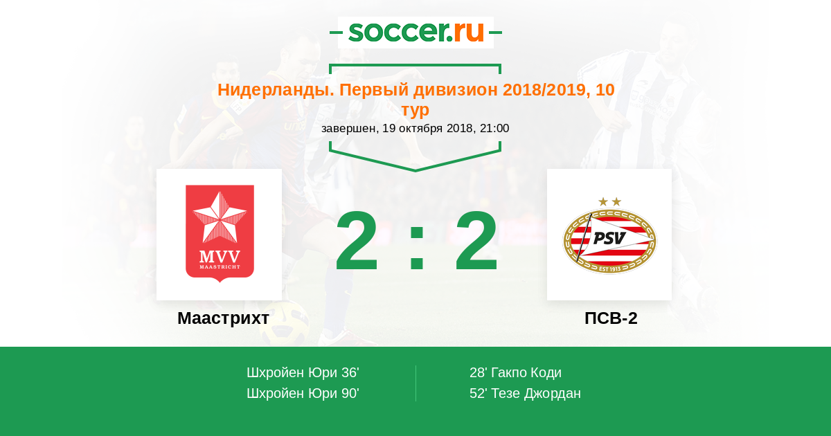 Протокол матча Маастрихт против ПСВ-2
# # #
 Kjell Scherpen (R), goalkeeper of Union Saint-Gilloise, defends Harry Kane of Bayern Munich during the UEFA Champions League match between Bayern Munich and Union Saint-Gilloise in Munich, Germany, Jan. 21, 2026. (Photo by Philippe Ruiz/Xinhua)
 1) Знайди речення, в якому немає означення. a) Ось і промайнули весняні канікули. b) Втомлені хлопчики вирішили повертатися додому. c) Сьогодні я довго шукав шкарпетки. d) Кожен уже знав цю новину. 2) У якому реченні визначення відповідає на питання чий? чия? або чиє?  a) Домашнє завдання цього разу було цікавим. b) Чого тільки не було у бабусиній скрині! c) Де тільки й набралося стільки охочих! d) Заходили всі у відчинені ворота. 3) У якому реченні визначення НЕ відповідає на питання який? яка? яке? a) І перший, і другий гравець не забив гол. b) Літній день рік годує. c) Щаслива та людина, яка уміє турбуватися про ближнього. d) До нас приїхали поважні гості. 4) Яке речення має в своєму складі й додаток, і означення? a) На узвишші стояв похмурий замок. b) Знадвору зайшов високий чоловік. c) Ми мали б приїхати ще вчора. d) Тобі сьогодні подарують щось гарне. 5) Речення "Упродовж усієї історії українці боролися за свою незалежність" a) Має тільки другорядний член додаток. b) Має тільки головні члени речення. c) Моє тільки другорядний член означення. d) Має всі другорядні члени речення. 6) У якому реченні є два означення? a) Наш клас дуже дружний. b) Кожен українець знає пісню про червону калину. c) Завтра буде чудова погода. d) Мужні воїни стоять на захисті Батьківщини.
# # #
> _PROBLEM REQUIREMENTS_
Copy only this part of the entries above: the line with "Kjell Scherpen (R), goalkeeper", the line with "1) Знайди речення, в", and the lines between, all exactly as written.

> _EXERCISE RESPONSE_
 Kjell Scherpen (R), goalkeeper of Union Saint-Gilloise, defends Harry Kane of Bayern Munich during the UEFA Champions League match between Bayern Munich and Union Saint-Gilloise in Munich, Germany, Jan. 21, 2026. (Photo by Philippe Ruiz/Xinhua)
 1) Знайди речення, в якому немає означення. a) Ось і промайнули весняні канікули. b) Втомлені хлопчики вирішили повертатися додому. c) Сьогодні я довго шукав шкарпетки. d) Кожен уже знав цю новину. 2) У якому реченні визначення відповідає на питання чий? чия? або чиє?  a) Домашнє завдання цього разу було цікавим. b) Чого тільки не було у бабусиній скрині! c) Де тільки й набралося стільки охочих! d) Заходили всі у відчинені ворота. 3) У якому реченні визначення НЕ відповідає на питання який? яка? яке? a) І перший, і другий гравець не забив гол. b) Літній день рік годує. c) Щаслива та людина, яка уміє турбуватися про ближнього. d) До нас приїхали поважні гості. 4) Яке речення має в своєму складі й додаток, і означення? a) На узвишші стояв похмурий замок. b) Знадвору зайшов високий чоловік. c) Ми мали б приїхати ще вчора. d) Тобі сьогодні подарують щось гарне. 5) Речення "Упродовж усієї історії українці боролися за свою незалежність" a) Має тільки другорядний член додаток. b) Має тільки головні члени речення. c) Моє тільки другорядний член означення. d) Має всі другорядні члени речення. 6) У якому реченні є два означення? a) Наш клас дуже дружний. b) Кожен українець знає пісню про червону калину. c) Завтра буде чудова погода. d) Мужні воїни стоять на захисті Батьківщини.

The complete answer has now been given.